37. The Applicant(s) is entitled to get the name of his nominee(s) substituted in his/her/their place. However such substitution shall be at the sole discretion of the Developer and will need its prior written approval from the Developer. Any change in the name of Applicant(s) will be treated as substitution for this purpose. Administrative charges as prescribed by the Developer from time to time shall be paid by the Applicant(s) before the substitution. The Applicant(s) shall be solely responsible and liable for all legal, monetary or any other civil or evil consequences that may arise from such substitution.
38. Until a sale deed is executed and registered, the Developer shall continue to be the owner of the Unit and this provisional allotment shall not bestow upon the Applicant(s) any rights or title or interest therein and the Applicant(s) shall not create any third party charge or lien on it. The Developer shall have a first lien and charge on the Unit for all its dues that may became due and payable by the Applicant(s) to the Developer.
39. That the Applicant(s) undertakes that he/she/they/it has gone through the Income Tax Notification dated 31st May 2013 pertaining to deduction of TDS on payment of installments to the Developer and agrees to furnish the certificate of deduction of tax at source to the Developer, as applicable, within the timeline prescribed by aforesaid notification. The Applicant(s) also agrees to furnish his/her/their/its Permanent Account Number (PAN) within 30 days from the date of execution of this Application Form, if not furnished earlier.

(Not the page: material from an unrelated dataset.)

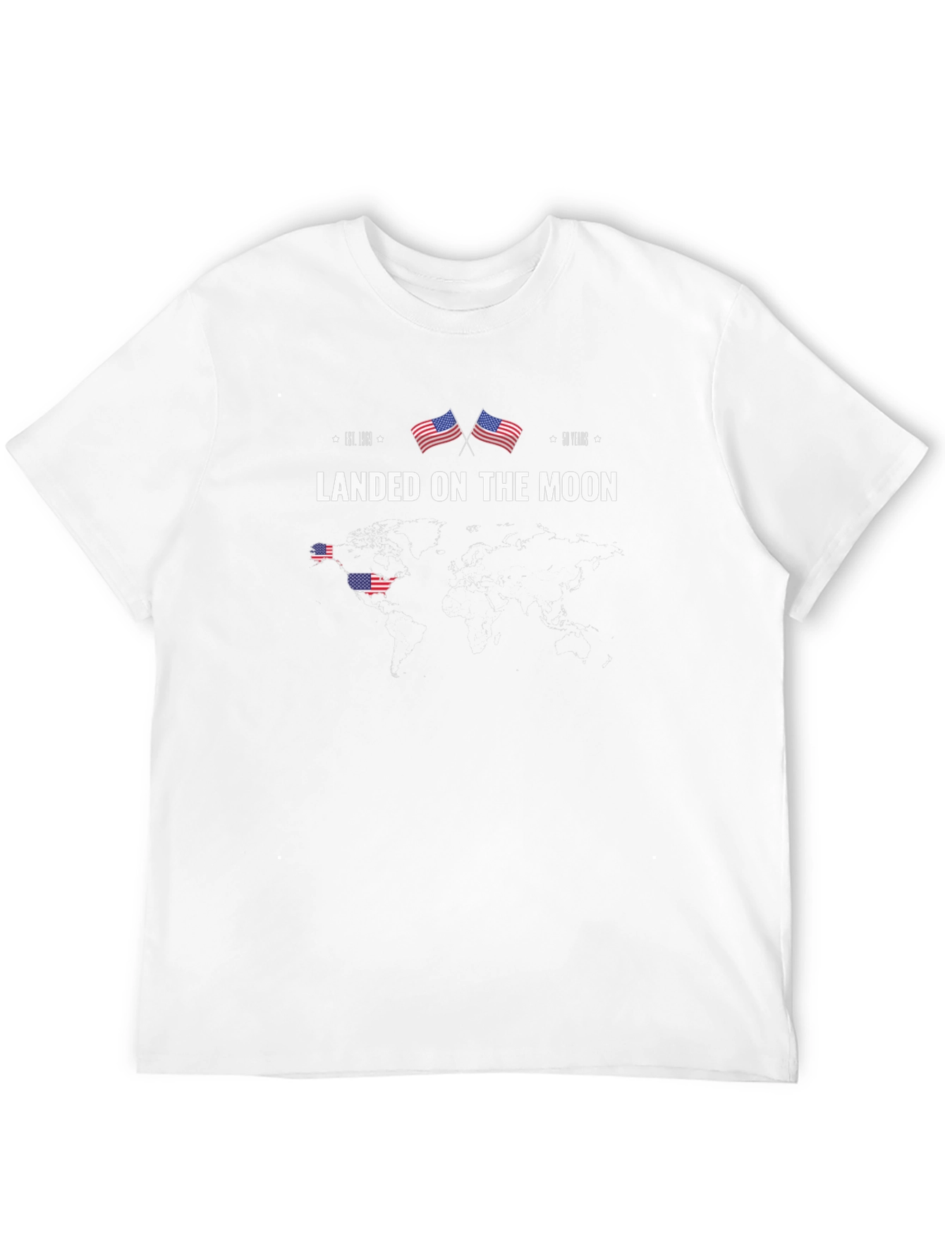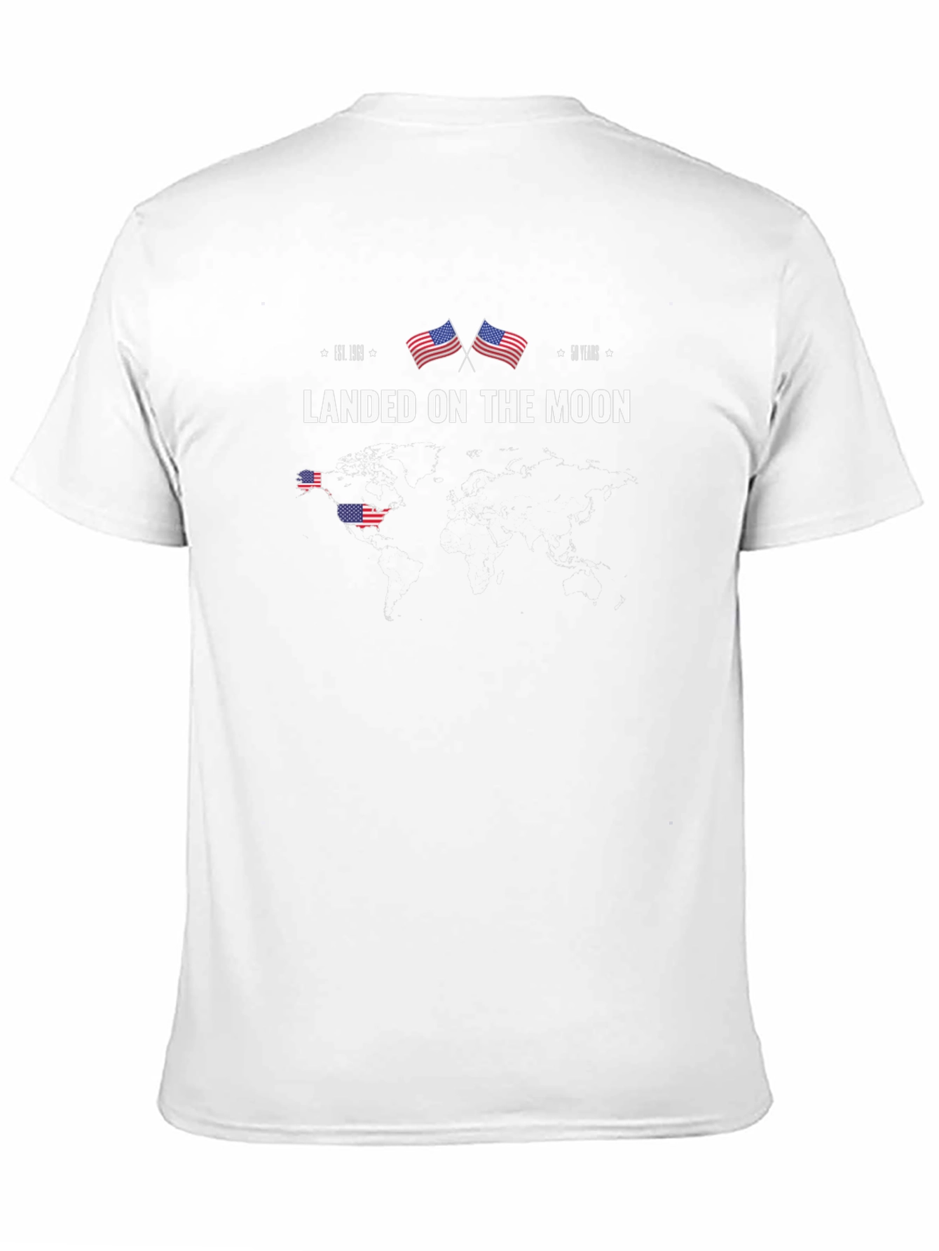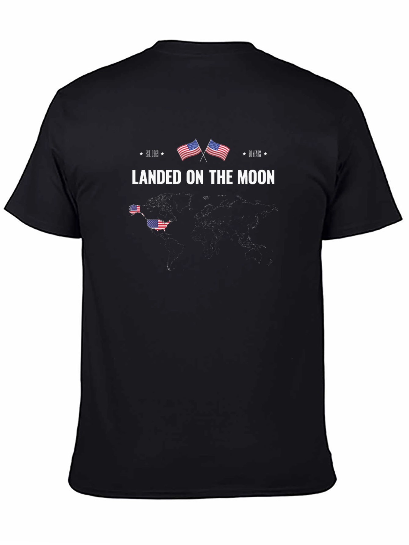 Celebrate a historic moment with this stylish black graphic t-shirt. The design features American flags and the words "Landed on the Moon," commemorating a significant anniversary. The shirt also includes the year 1969, further emphasizing its nostalgic appeal. Crafted from a comfortable-looking fabric, this tee offers both style and ease of wear. Ideal for casual outings, patriotic events, or simply showcasing your love for space exploration, this t-shirt is a versatile addition to any wardrobe. The classic black color makes it easy to pair with jeans, shorts, or any casual bottoms. Show off your unique style with this statement piece!

40. That for all intents and purposes, singular includes plural and masculine includes feminine gender.
I/We, the Applicant(s) has/have carefully read and understood the above mentioned terms and conditions of the present Application Form for provisional allotment and agree to abide by the same without any objection/s. I/We,the Applicant(s), also declare that I/We have sought detailed explanations and clarifications and after due deliberation and giving careful consideration and examination of all facts, terms, conditions, and representations made by the Developer, I/We have now signed and executed this Application Form after being fully conscious of my/our liabilities and obligations under this provisional allotment.